Contributions to humanity/society can be in very different ways, by ploughing land, by spreading love, by advancing science, by making pots, by building nuclear reactors, by painting, by dancing and so forth. Every role played by every section of the society is important for the whole of it.

What is important in life is this. To be a good human being and a good citizen of your country and society.

To be a good human, one should ensure that he/she does not intentionally harm any person/living being either physically or emotionally except in self-defence.

And to be a good citizen, one should uphold two central principles, "Sincerity and Commitment" in one's efforts to enhance the "Quality of life" in and around himself/herself.

Last but not the least, once these principles are imbibed in one, he/she should not be afraid of living by it, defending it and also spreading it.

These simple principles stated above when absorbed into oneself and lived out brings forth peace and happiness..

"Lokha samastha sukhino bavanthu", "May the whole world live in peace"

Revelations on Love and Relationships…

Said below are some very esoteric truths and some hard ground realities. Love is beautiful and all would love to read and spend time on it. But the hard truth about relationships is worth reading as man spends much of his time struggling with it. Lets see them both...

LOVE COMES IN ONLY ONE COLOUR. PURE WHITE. There is only one kind of love, if and when it exists. Be it between a mother and child, a brother and sister or between a young couple or between a husband and wife.

Astounding, as it may seem, it is true.

Then what is this thing between people that differs? That's relationship. Relationship is the sum total of rights and responsibilities with respect to one another.

Relationships are born out of contact. When two people come in contact, a relationship is born. It can vary widely from a mother-son relationship to a customer-supplier relationship.
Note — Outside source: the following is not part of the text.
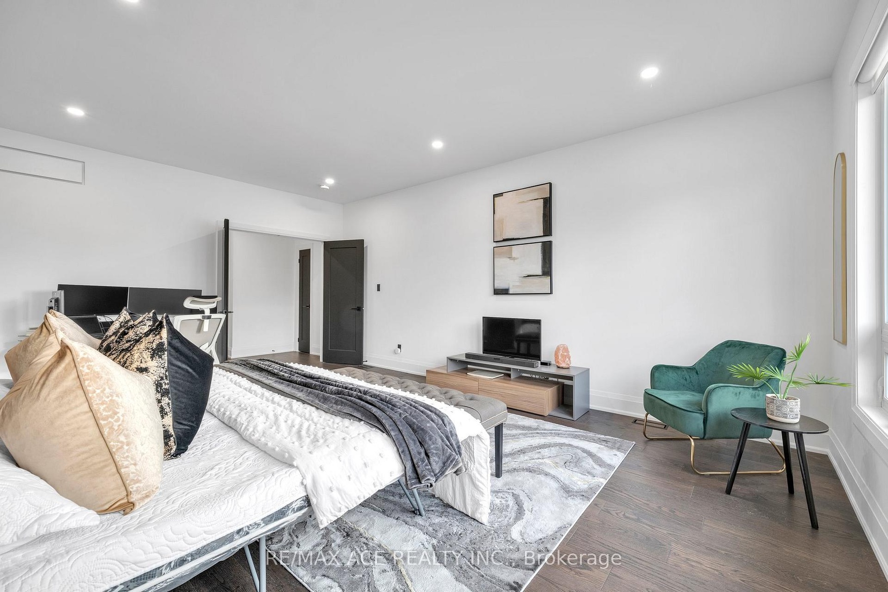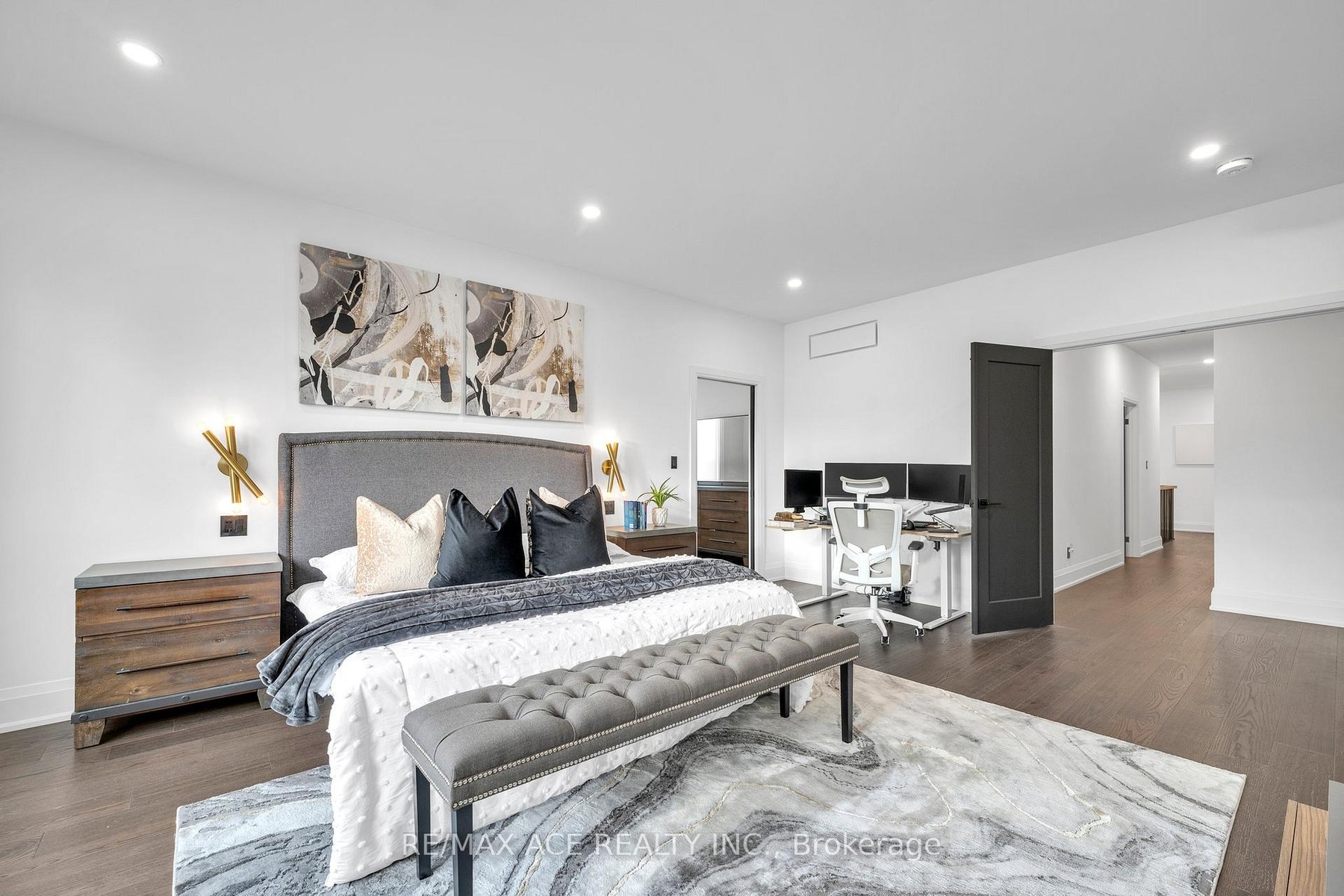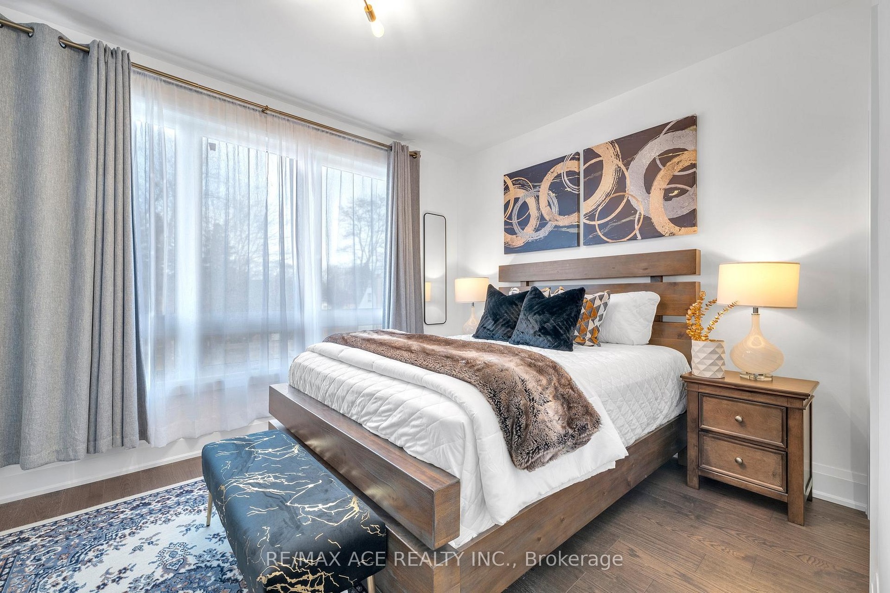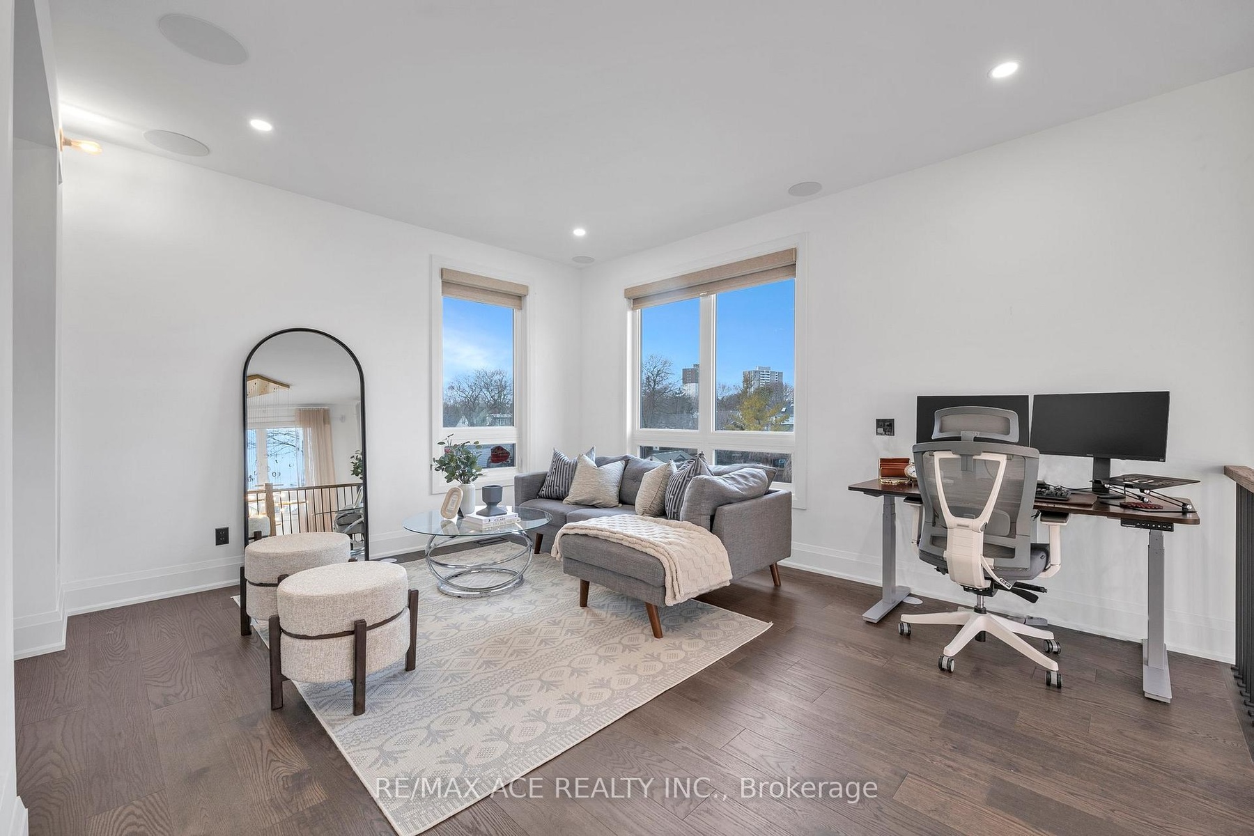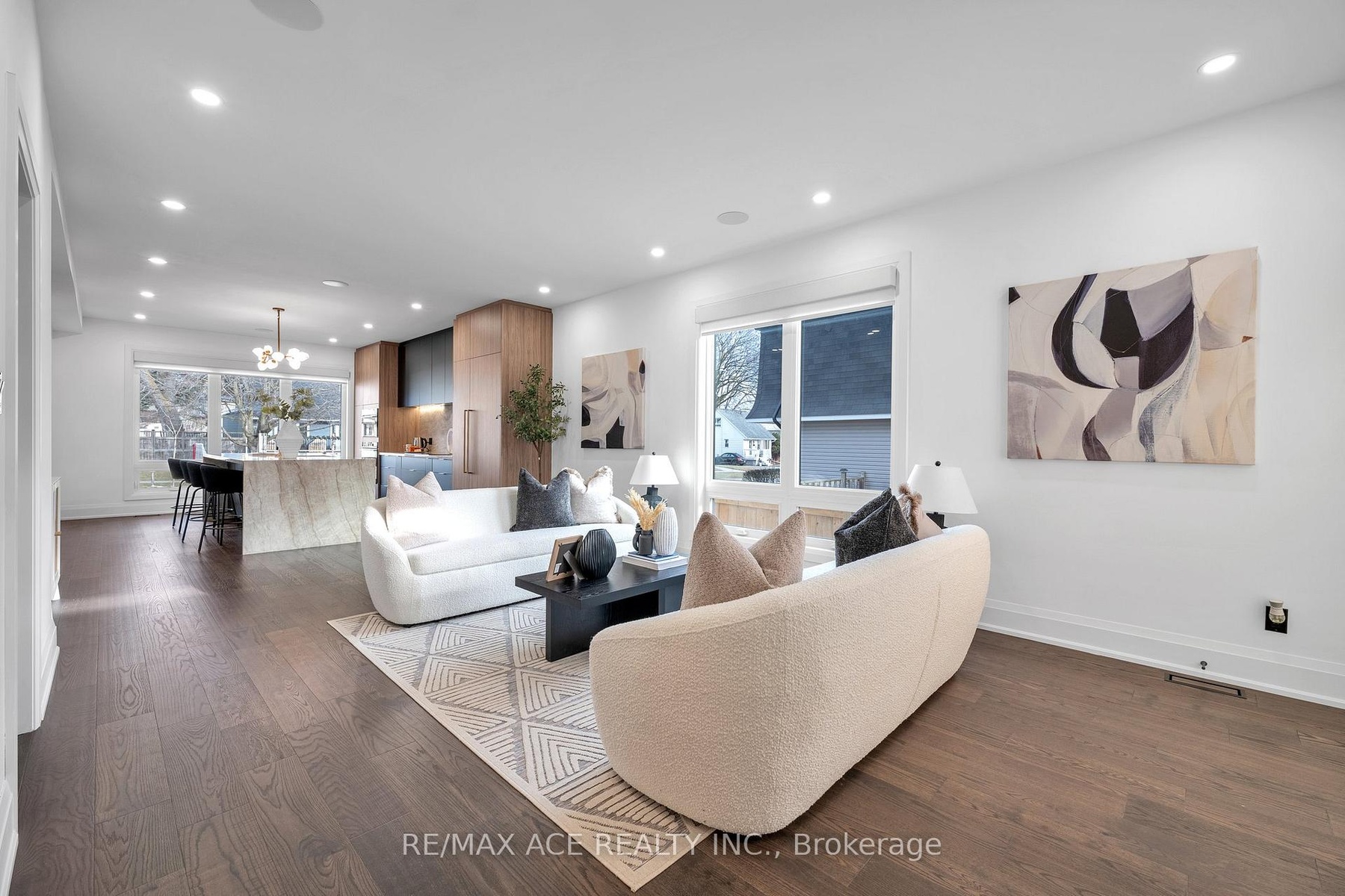 Stunning two-storey custom home in a family-friendly, walkable neighborhood with mature trees. Featuring 4 bedrooms, 3.5 bathrooms, and a Scandinavian-inspired kitchen with a large waterfall quartzite island, induction cooktop, and panel-ready appliances. The open-concept main floor boasts 9-ft ceilings, large windows, hardwood and porcelain flooring, two living areas, dining space, and plenty of custom storage. Upstairs, the primary suite offers a spa-like 6-piece ensuite, plus three additional bedrooms and two more bathrooms. Luxury touches include gold-accented fixtures, motorized curtains, electric fireplace, in-ceiling speakers, a mezzanine, and a garage with Tesla EV charging. Security is advanced with automated entry and multiple cameras. The unfinished basement has a separate entrance, and the large front and backyards are perfect for relaxing. Close to schools, shopping, highways, Ajax GO station, and the waterfront. Modern comfort, style, and convenience-all in one home!

One may wonder what a customer-supplier relationship has to do with love. No marks for guessing. It’s not based on love. Its based on need. Need for action, need for money. A relationship can exist even without love.

There are only three kinds of such relationships. They come as 'financial', 'forced' or 'immoral'. A financial relationship is more a partnership in productive action. Forced relationships are ones into which at least one of the two is forced. It may be a case of bonded labour or a marriage without consent, executed forcibly. An immoral relationship is born out of lust and is short lived.

Turning to the relationships based on love, how does one now substantiate the statement that only one kind of love exists between all???

Taking it slowly, if relationships based on love are analysed from their birth, we see this.

They are of course born when two people come in contact. Relationships thereafter grow in proportion to the time spent together. Relationships within the family have an edge over other in that time spent is most often higher. One is always imposed with familial relationships. When they also are accompanied by love, they are very heartening. they form the strong roots for success of a person in life.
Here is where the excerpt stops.